This calculator helps you determine the net operating income for a rental property. Here is how to use it:

  1. Enter your monthly rent. This is the gross rent you collect from tenants each month. If you have not yet rented the property, use comparable rental listings in the area to estimate.
  2. Add other monthly income. This includes any additional income from the property such as laundry fees, parking fees, storage rentals, or pet rent. Enter 0 if there is no additional income.
  3. Set the vacancy rate. A 5% vacancy rate assumes roughly 2-3 weeks of vacancy per year during tenant turnover. Increase this for areas with higher turnover or seasonal demand.
  4. Enter monthly operating expenses. Include property tax, insurance, maintenance, property management, utilities, and any other recurring costs. Do not include mortgage payments, as NOI is calculated before debt service.

Results update instantly as you type. The breakdown grid shows gross income, effective income after vacancy, total expenses, and the expense ratio. Use the Share button to send a pre-filled link, or Copy to grab the result.

About Net Operating Income

Net operating income (NOI) is one of the most important metrics in real estate investing. It measures how much income a property generates after paying all operating expenses, but before accounting for mortgage payments, capital expenditures, or income taxes. Lenders and investors rely on NOI to evaluate a property's ability to generate cash flow and to calculate cap rate.

A higher NOI means more income available to cover debt service or return to investors. The expense ratio shows what percentage of effective income goes to operating costs. A lower expense ratio indicates a more efficiently managed property. Typical expense ratios for residential rentals range from 35% to 50%.

All calculations run entirely in your browser. We never see or store your financial data.

Frequently Asked Questions

What is net operating income in real estate?

Net operating income (NOI) is the annual income a property produces after subtracting all operating expenses from effective gross income. Operating expenses include property tax, insurance, maintenance, management fees, and utilities.

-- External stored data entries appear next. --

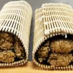 (4)これらを左手に持ち、海苔がゆるくならないように左右からやや締めながら巻く
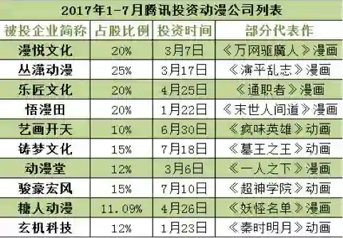 仅腾讯一家,在2017年前7个月就投了10家动漫公司。不仅腾讯、阿里、光线、华谊等巨头纷纷入局,各机构也加快了抢滩速度。出品过《狐妖小红娘》《镇魂街》《十万个冷笑话》等头部国漫的绘梦、艾尔平方等已先后被资本抢驻。
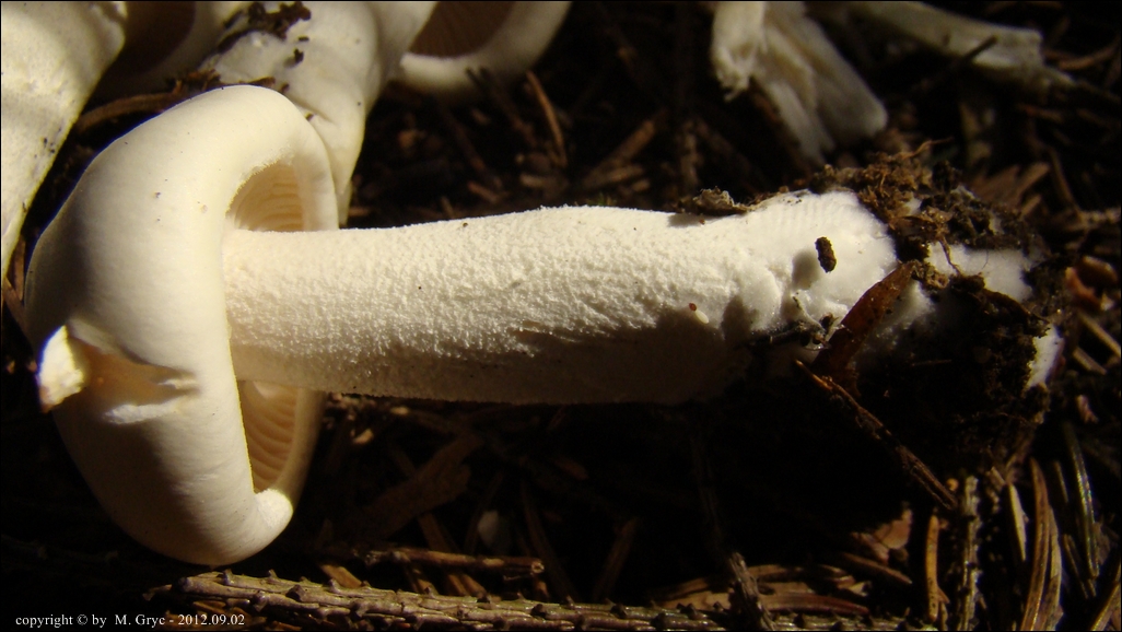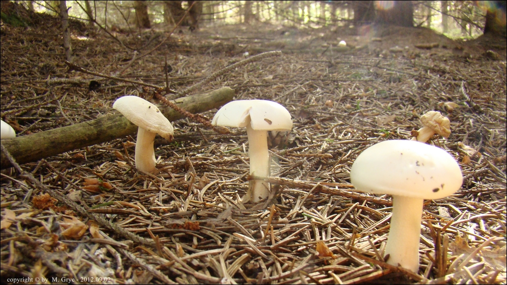 Substrat: Grupka owocników na bardzo ubogiej ściółce, cienka warstwa świerkowego igliwia na twardym gliniastym (wapiennym ?) podłożu.
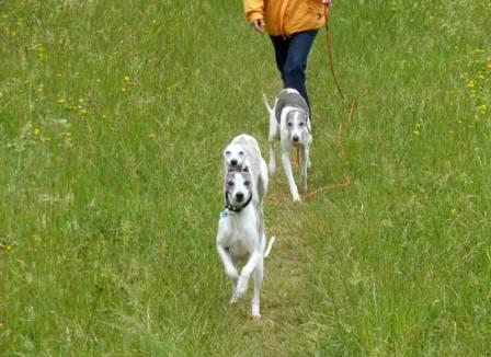 "..... mit Pajti klappt alles sehr gut. Er ist ein extrem friedlicher Geselle. Nur Milow ist etwas eifersüchtig. Da muß er sich aber daran gewöhnen. Nachdem es gestern nicht mehr so heiß war, waren wir auf der Hundewiese spazieren.
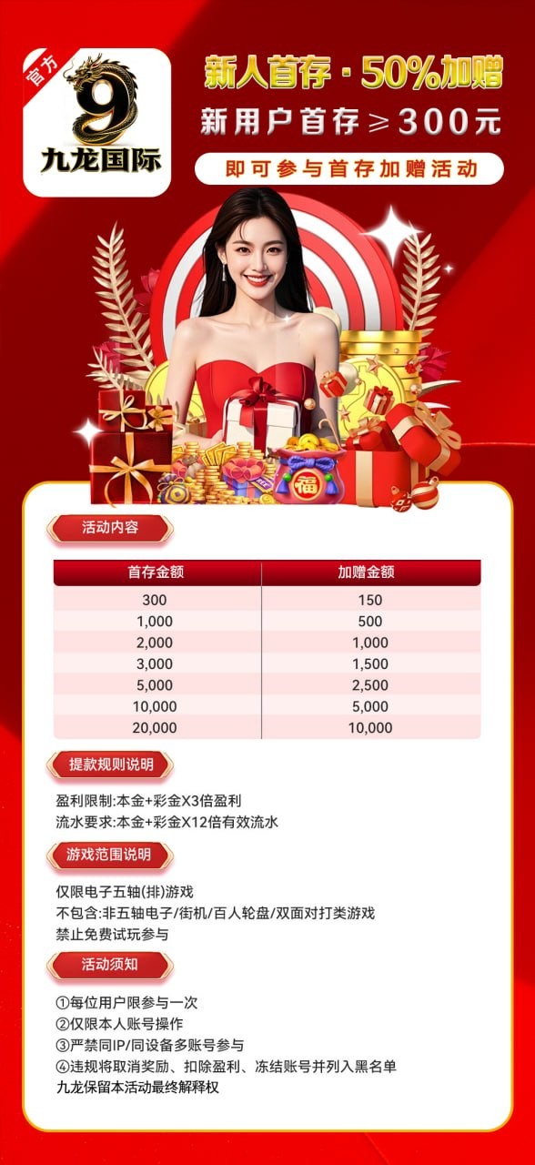 【九龙国际】抽888元现金活动100+100
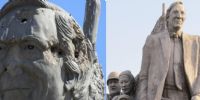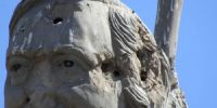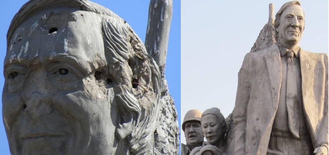 La escultura muestra marcas sobre la cara que parecen ser disparos de armas de fuego.
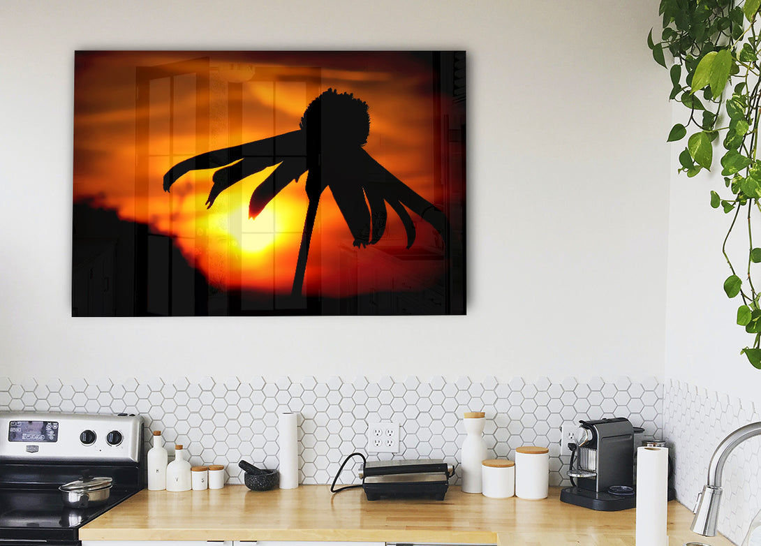 Acryldruck „Sun Behind The Flower“, UV-gedruckt auf 5 mm dickes Acrylglas. Wird mit allem geliefert, was Sie zum Aufhängen an die Wand brauchen.
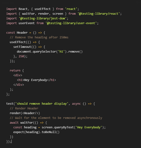 ThewaitFor()method in RTL is used to wait for asynchronousexpect()assertions to pass. It is often used in combination with the.queryByX()methods to determine if a DOM element disappears asynchronously.
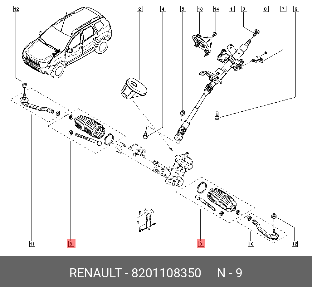 82 01 108 350 RENAULT КОМП. ТЯГИ РУЛЕВОЙ 8201108350
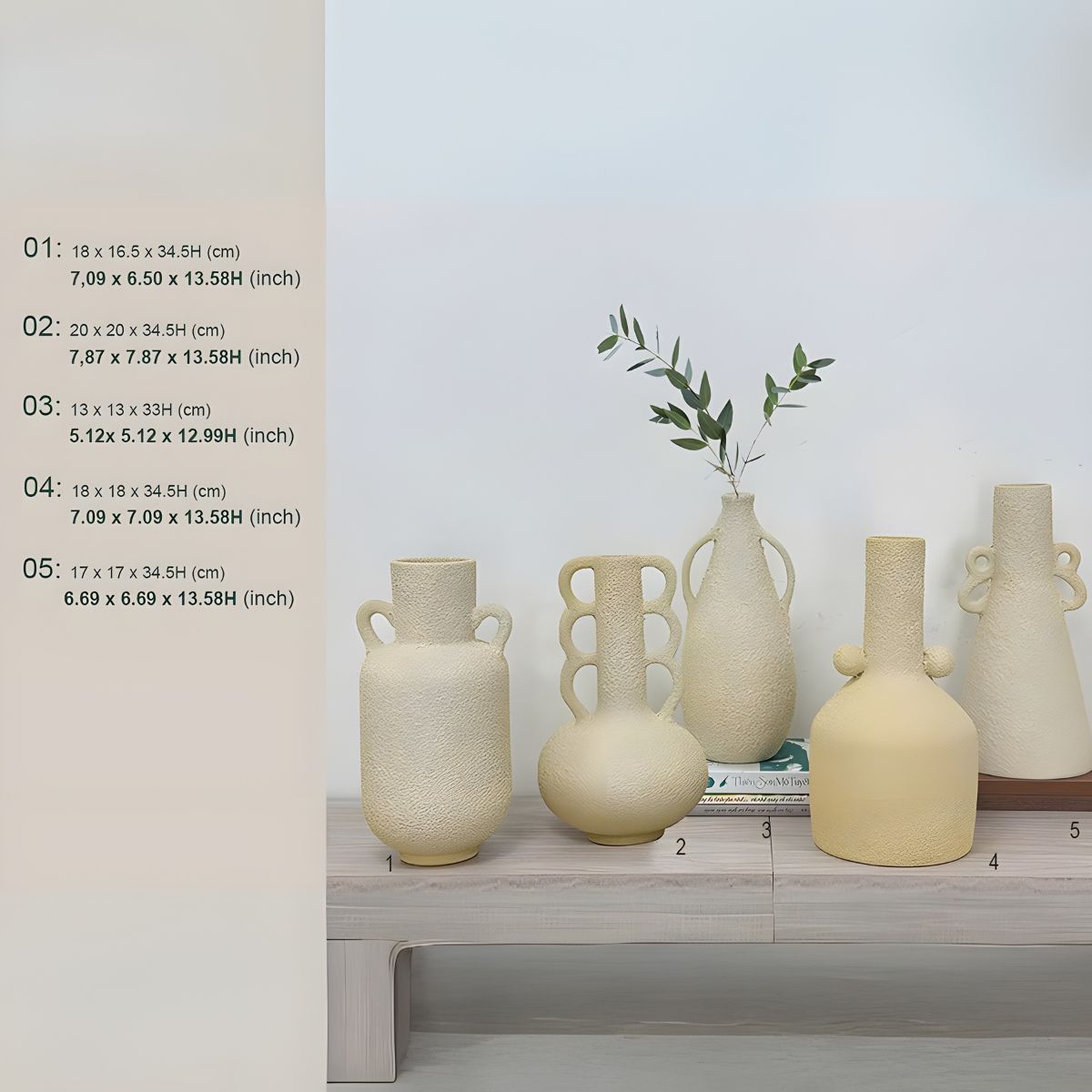 This Nature Craft collection presents five unique ceramic vases, each boasting a distinct texture and shape, from subtle speckles to charming handles. Rendered in versatile cream and warm beige tones, these pieces offer a rustic yet contemporary aesthetic. Perfect for adding an organic, artisanal touch to any interior space.
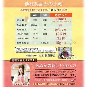 【製品の販売経緯】 コロナ過の中、出歩けない妊婦さんの体調管理のために作った製品が多くの方から大変ご好評を戴き一般販売を開始しました。 【安心・安全・美味しさの追求】 精米により出来た米ぬかは時間の経過と共に酸化が進みます。精米したての米ぬかをふるいにかけて本当に綺麗な米ぬかだけを加工することで酸化を防ぐだけなくな、く究極の美味しさを実現しました。その証として当店はお米の精米日・加工日を記載しております。 【玄米のこだわり】 米ぬかの原料即ち玄米は特別栽培米(農薬・化学肥料を50%以上削減)の山形県つや姫・北海道ゆめぴりか、YES!CLEAN米(環境に配慮し安心・安全で高品質なお米)を使用しております。 【賞味期限について】 加工した翌日に日本食品分析センターにて「酸化物・過酸化物価・一般細菌・大腸菌等々」の検査と3ヵ月常温保管した製品も同様の検査をして安全性を確認しています。高温・多湿を避け密封容器(ジップ可)での保存では安心してお召し上がり戴けますが、」食品なので頻度良くご購入することをお薦めしています。
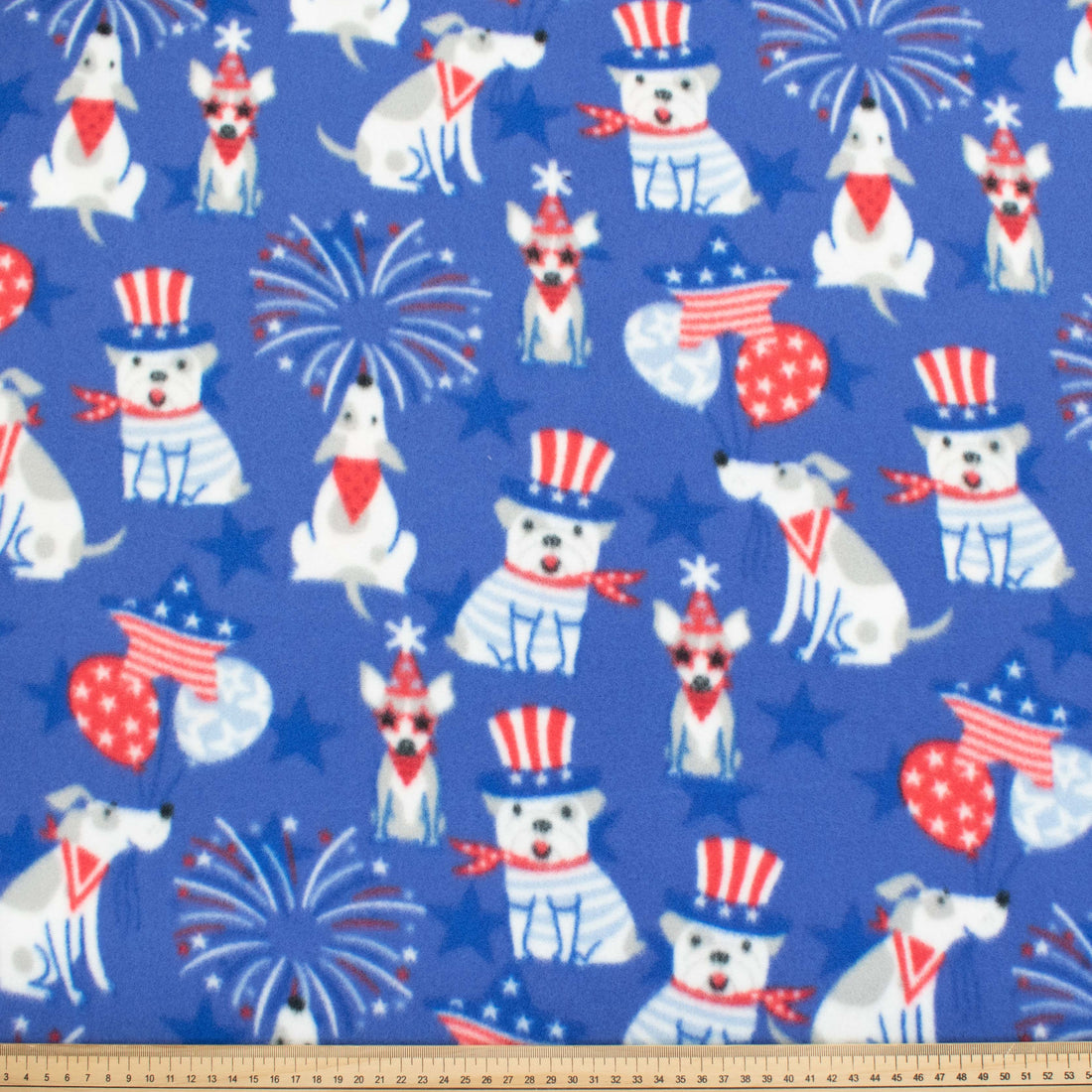 USA Patriotic Dogs on Blue Printed Polar Fleece
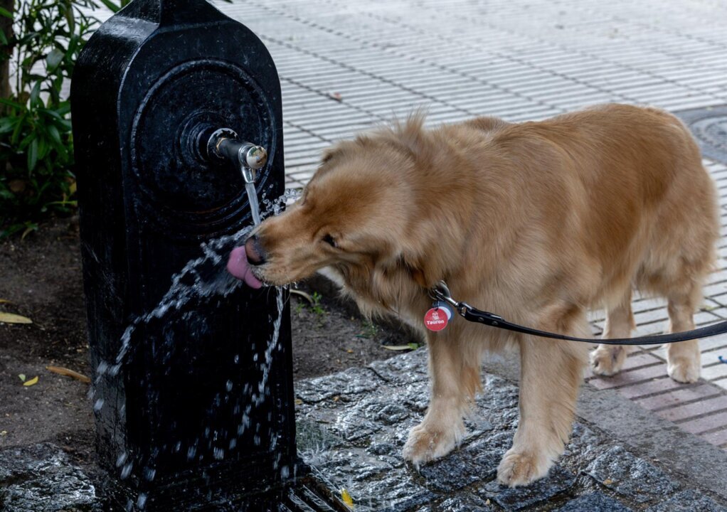 Un perro bebe agua de una fuente- Ricardo Rubio - Europa Press
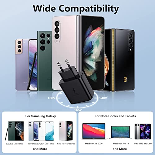 【Ampia compatibilità】 Il caricabatterie rapido USB C da 45W è compatibile con Galaxy S22+, S22 Ultra, S20 Ultra, Note 10, Note 10 Plus, Galaxy Tab S7, S7+, S8, S8+, S8 Ultra. Supporta la ricarica rapida da 25W compatibile con Galaxy S21 Ultra, S21 Plus, S21, Note 20 Ultra, Note 20, Note 20 Plus, S20 Plus, S20, Note 10 Lite. La ricarica normale è compatibile con iPhone, Xiaomi Redmi, OPPO, Realme, ecc (è richiesto il cavo dati originale).

NOI does not include mortgage payments, capital improvements, or income taxes. It is the core metric used to determine a property's value and cap rate.

Does NOI include mortgage payments?

No. NOI is calculated before debt service (mortgage payments). This is intentional because it allows investors and lenders to evaluate the property's income-producing ability independent of how it is financed. Different buyers may have different loan terms, so NOI provides a level comparison. To see income after the mortgage, use a cash flow calculator instead.

What is a good expense ratio for rental property?

For residential rental properties, an expense ratio between 35% and 50% is typical. Properties with newer construction, fewer amenities, or tenant-paid utilities tend to have lower expense ratios. Older properties, multi-unit buildings with common areas, or properties where the owner pays utilities tend to have higher ratios. An expense ratio above 50% may signal high maintenance costs or inefficient management.

How is NOI used to calculate cap rate?

Cap rate equals NOI divided by the property's purchase price or market value, expressed as a percentage. For example, if a property has an NOI of $16,200 and is priced at $300,000, the cap rate is 5.4%. Cap rate is the standard metric for comparing investment properties because it normalizes returns across different price points and markets.